What did you find out about your birds?


----------



## Rollerboys (Apr 6, 2005)

The Canadian Show Roller home page is http://crc02.tripod.com/

Enjoy

Let me know what you think......


----------



## PapaPigeon (Dec 22, 2004)

*Difference?*

Is there any/what are the differences between the "Canadian Show Rollers" and just Show Rollers? I raise Show Rollers and the standards look pretty similar.


----------



## Rollerboys (Apr 6, 2005)

Duns are the shortest route to intensify black. Dun is the dilute of black., so blacks carrying dun , dun works best.


----------



## Rollerboys (Apr 6, 2005)

Yes, Canadian Show Rollers do indeed differ from American Show Rollers. American Show Rollers , when standing properly look as if they are sitting on their feet, they are much more loose feathered, which gives the look of being larger and puffier than that of the Canadian. The idea of the Canadian was to show a tight feathered bird, standing erect with a nice thick neck. The bird looks as it is ready for flight. The American counterpart looks over weight and sluggish. The tail and socks of the baldhead pattern is to be the same as the body color, not white as in the American breed. So there are definite differences. I know that because of the proximity of the Can/ US border, it is not uncommon for breeders of both types to interbreed the two to try to improve one or the other breed. I know for instance that our reds and yellows are very popular to some American Show Roller Breeders.

Thanks for your inquiry.

Barry


----------



## PapaPigeon (Dec 22, 2004)

OVER WEIGHT, SLUGGISH!!! Yep, that describes them, lol.

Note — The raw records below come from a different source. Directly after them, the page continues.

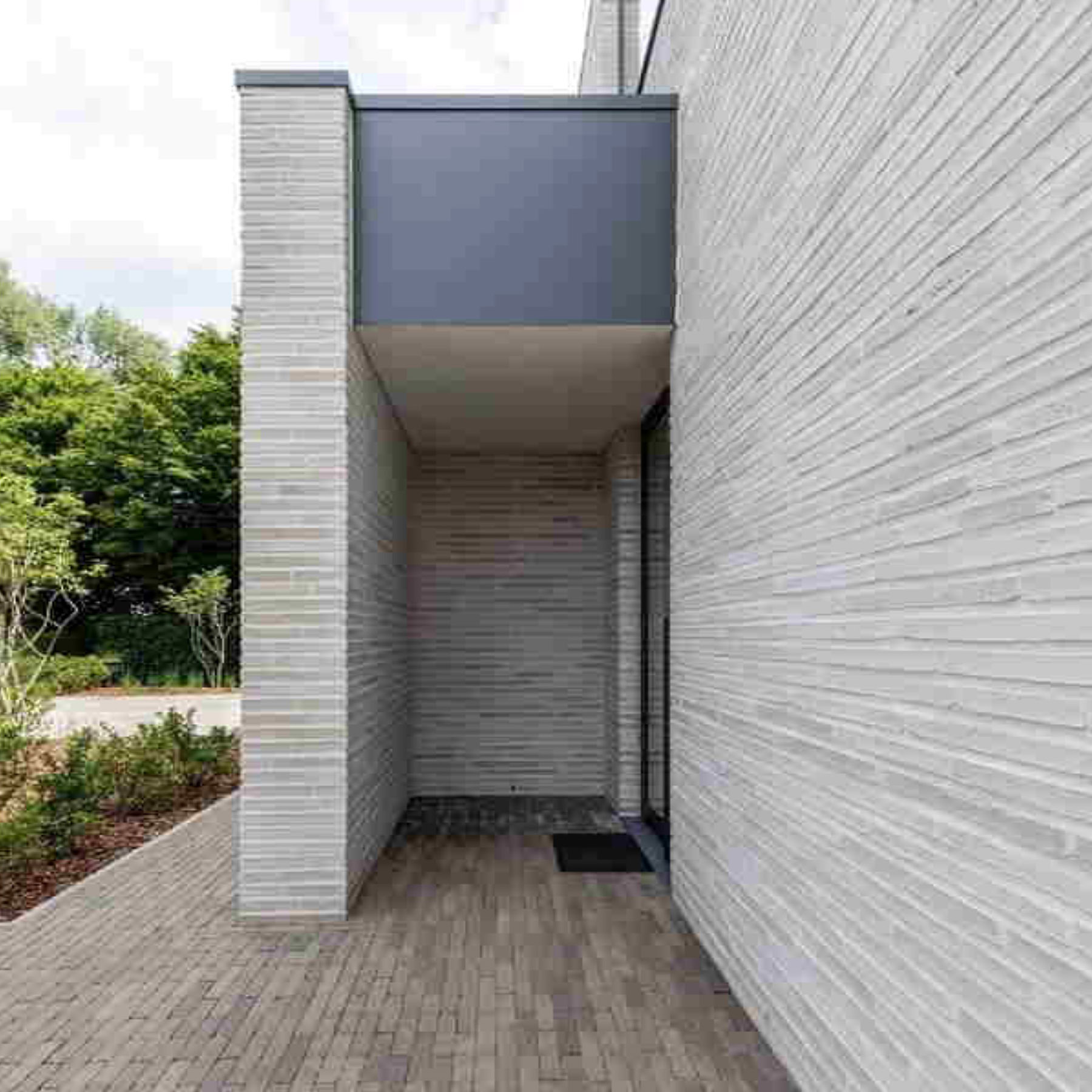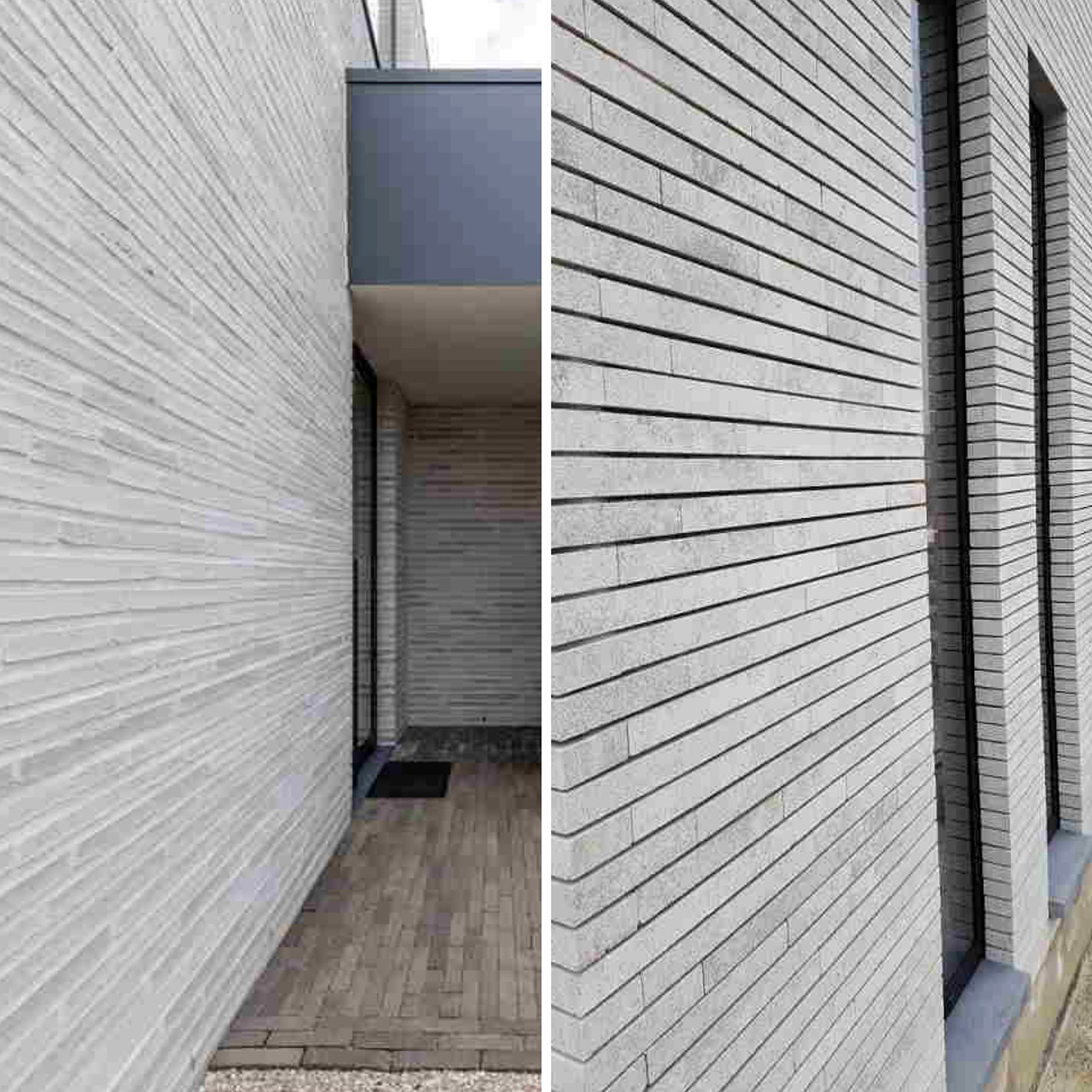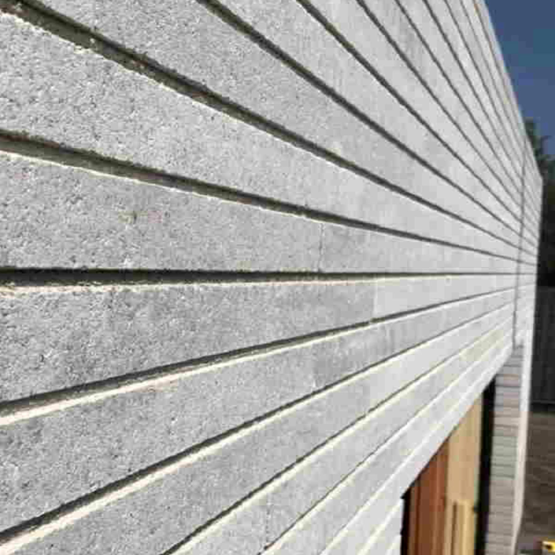 Фасадна плитка виготовлена з білого бетону високої якості. Видовжена форма, натуральний колір продукції надзвичайно популярний в оздобленні фасадів і внутрішніх стін приміщень.
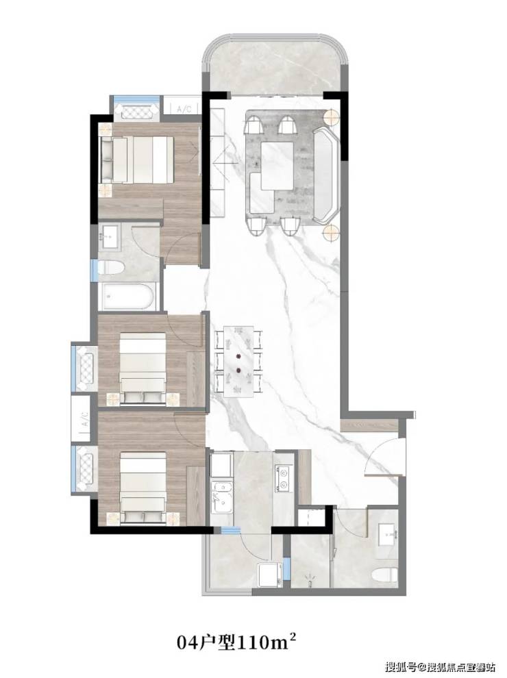 04户型:约110㎡,三房两厅两卫带主套
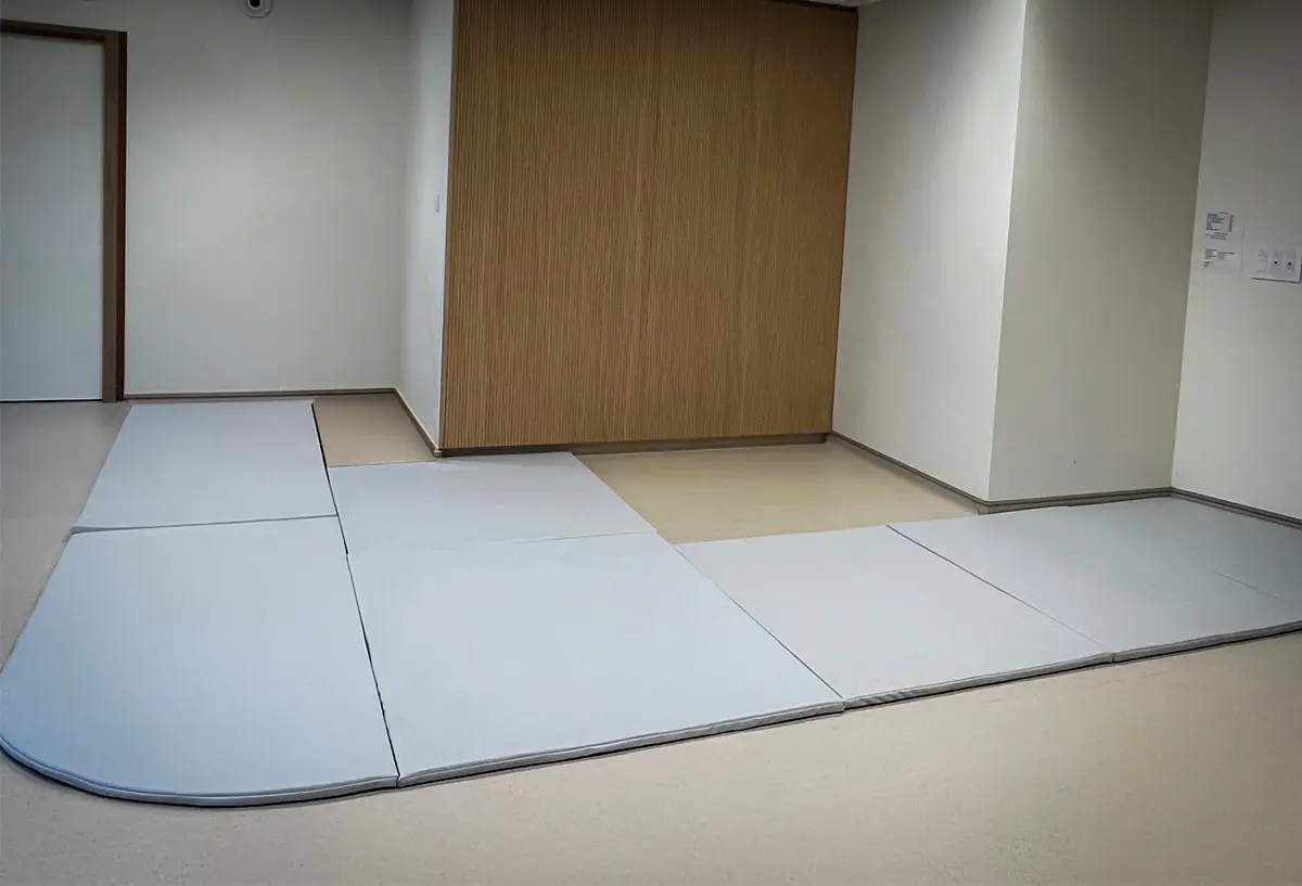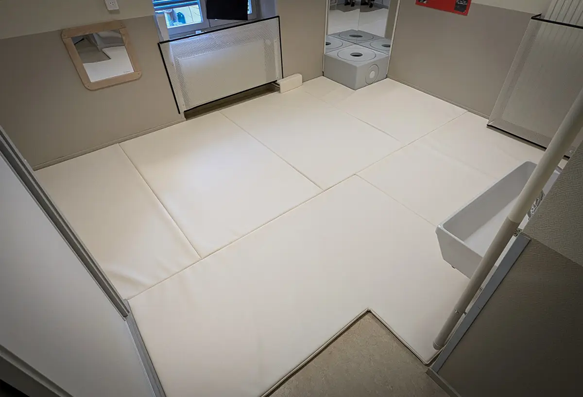 Tapis de recouvrement de sol sur mesure conçus pour couvrir tout ou partie d’une pièce en crèche ou en établissement de santé.
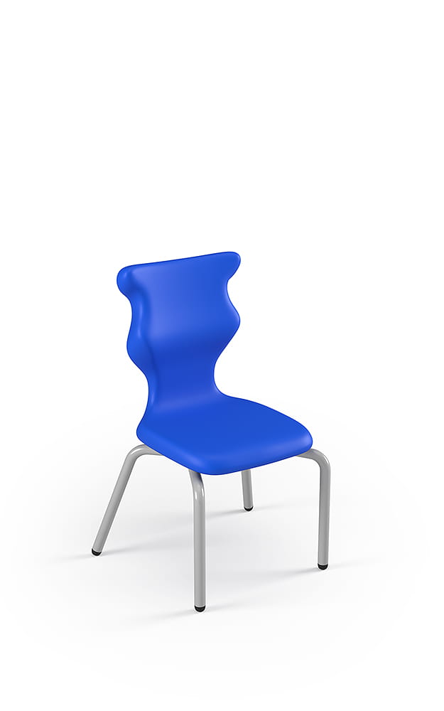 Ergonomiczne siedzisko o wklęsło-wypukłej formie zapewnia odpowiednie podparcie pleców, wykonane metodą rozdmuchu z Polietylenu HDPE, co gwarantuje wytrzymałość i łatwość w utrzymaniu czystości. Właściwości ergonomiczne siedziska potwierdzone przeprowadzonymi i udokumentowanymi badaniami. Z tyłu siedziska umieszczono uchywyt do łatwego przenoszenia. Siedzisko posiada atest higeniczny potwierdzający, że produkt jest bezpieczny oraz przystosowany do pomieszczeń w szkołach, przedszkolach i mieszkaniach. Krzesło dostępne w 7 rozmiarach (od 0 do 6) oraz oferowane w 12 kolorach (fioletowy, pastelowy fioletowy, pomarańczowy, żółty, czerwony, zielony, pastelowy zielony, niebieski, pastelowy niebieski, szary, jasny szary, czarny). Stelaż metalowy wykonany z rury 22x1,5 mm gwarantujący stabilność i trwałość konstrukcji. Możliwość sztaplowania krzeseł. Stelaż wyprofilowany w taki sposób aby zapobiec wywróceniu się krzesła podczas bujania się przez uczniów. Dostępny w kolorze szarym (RAL 9006). Stopki antypoślizgowe wykonane z tworzywa sztucznego w kolorze białym zabezpieczające powierzchnie przed zarysowaniami. Krzesło posiada certyfikat zgodności z normą PN-EN 1729-1:2016-02 oraz PN-EN 1729-2+2016-02 wydany przez jednostkę certyfikującą posiadającą akredytację Polskiego Centrum Akredytacji.
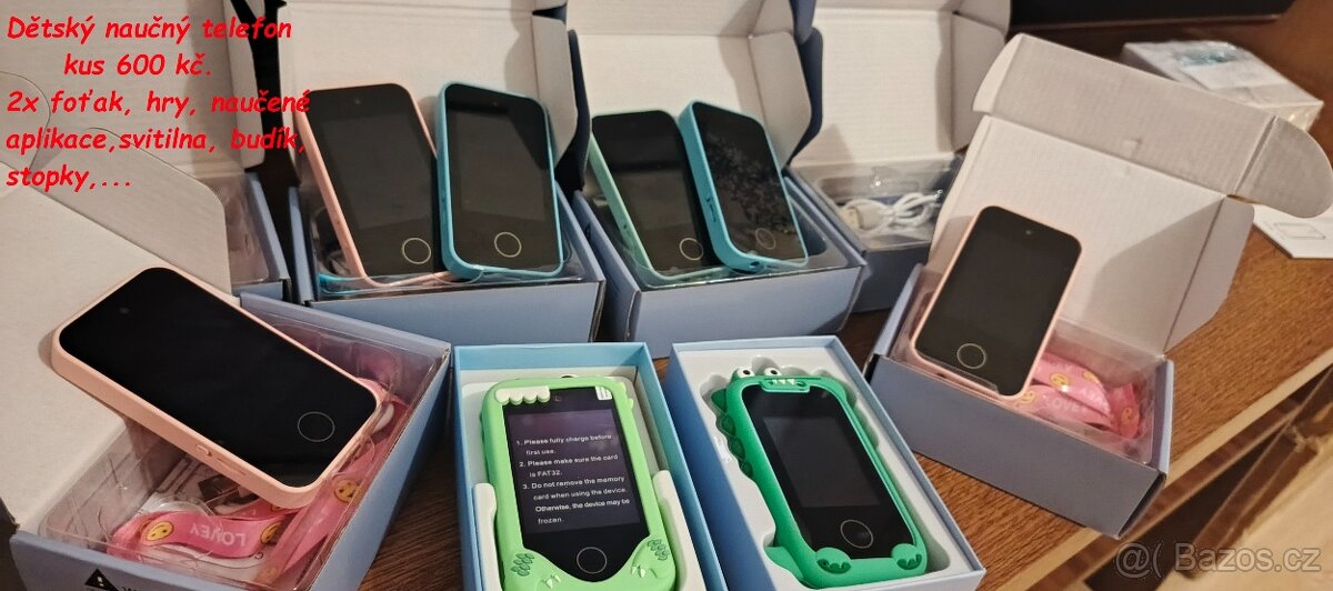 Dětský telefon, mp3, videa, přední a zádní fotoaparát, diář budík, svítilna, hry a naučné aplikace...
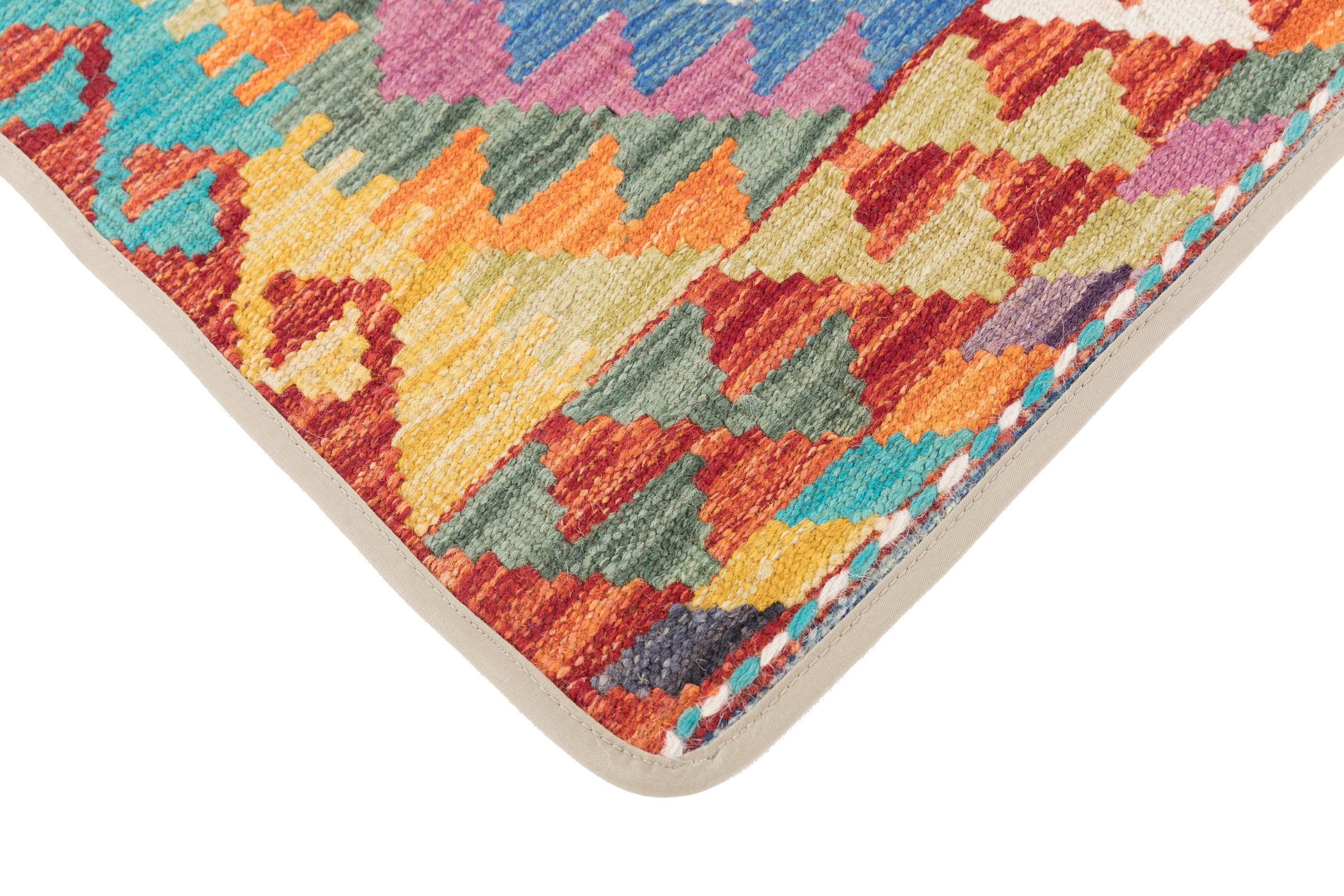 Denna handvävda kelim afghan är vacker tack vare de mångfacetterade färgerna och det typiska mönstret. Den var handvävd i Afghanistan av 100 % fårull. Den är utan tvekan mer robust och hållbar än maskintillverkade mattor. Dessutom har denna kelim en alldeles egen karaktär. En unik pjäs för dig och ditt hem som du aldrig kommer att hitta igen.

Thanks for clearing that up for me.


----------



## Rollerboys (Apr 6, 2005)

Yes, overweight and sluggish, you know what I mean, I am talking about appearance to the eye, the physical differences. I did not mean to offend anyone, but the US Show roller defintely looks heavier and its body does rest almost on its feet. There is lots of power in the breed appearance but not one that is attractive to me personally.

I was drawn to the pigeon hobby for many reasons, the main one being that you could release and actually fly birds that would return to you. With that in mind after more than 35 years that is still the attraction to me. Our Canadian show roller is a true roller in every sense, even actually turning while in flight in their pens! 

You asked for comparison and I have tried to show that, I am getting a digital camera soon and maybe we can share some pics.

talk soon


----------